* **Work item**: Write the listing out again word for word, skipping each picture.

* **Source material**:
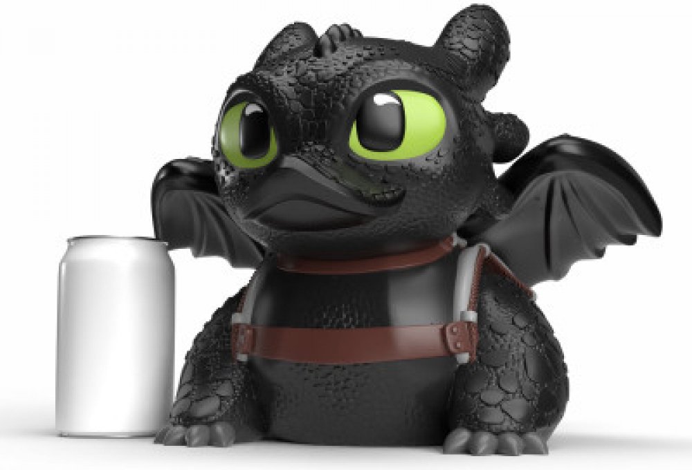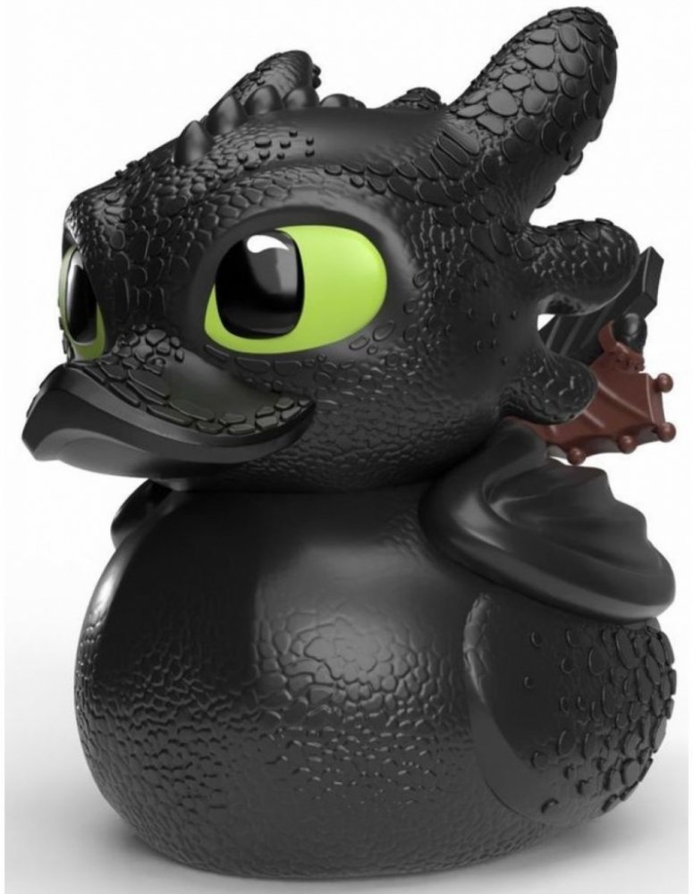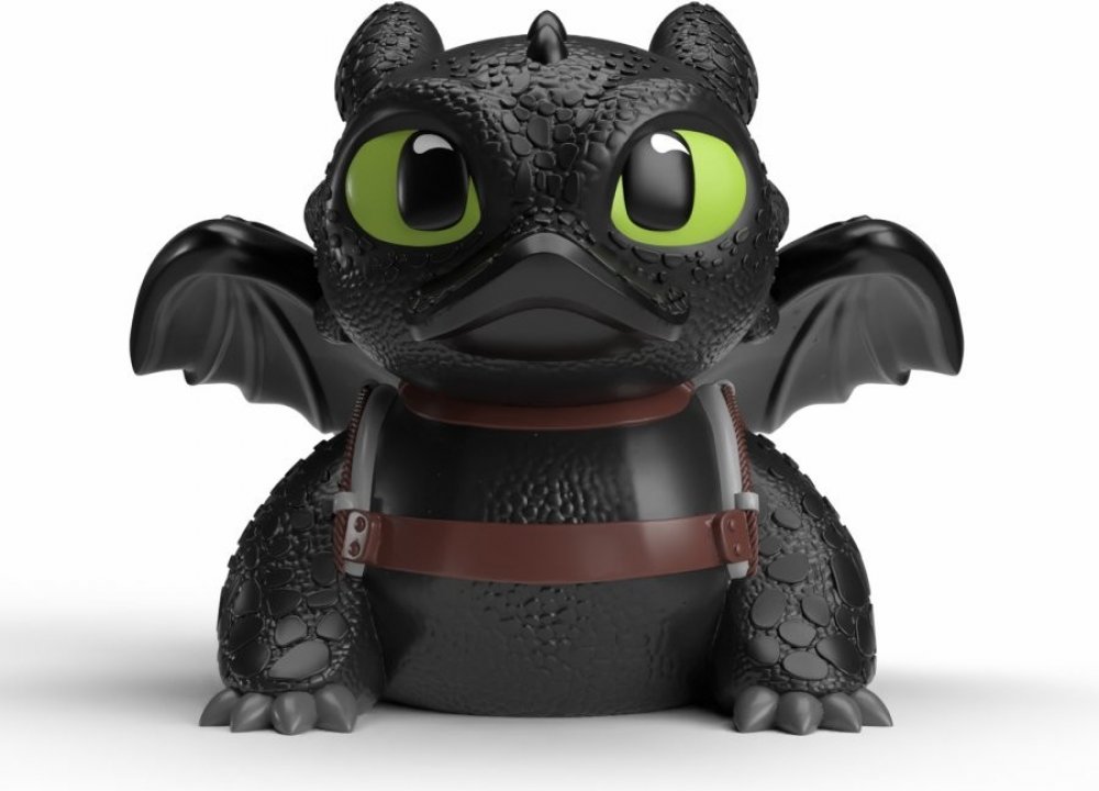 Tato kachnička ve stylu cosplay zobrazuje ikonického draka Bezzubku z filmové série Jak vycvičit draka.
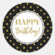 Happy Birthday Black White Gold Dots Classic Round Sticker
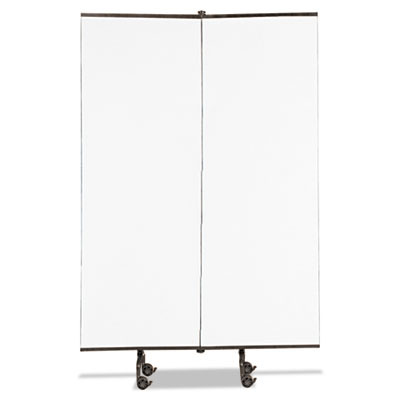 Works with the GreatDivide™ Wall System. High-pressure laminate, dry erase surface. Creates a maximum wall length of 24 feet. Caster legs with dual 2" wheels feature a spring suspension system to keep panels level. Includes two wall panels (32" wide each). Color: Gray; Overall Width: 64"; Overall Depth: 3".

* **Worked solution**:
 Tato kachnička ve stylu cosplay zobrazuje ikonického draka Bezzubku z filmové série Jak vycvičit draka.
 Happy Birthday Black White Gold Dots Classic Round Sticker
 Works with the GreatDivide™ Wall System. High-pressure laminate, dry erase surface. Creates a maximum wall length of 24 feet. Caster legs with dual 2" wheels feature a spring suspension system to keep panels level. Includes two wall panels (32" wide each). Color: Gray; Overall Width: 64"; Overall Depth: 3".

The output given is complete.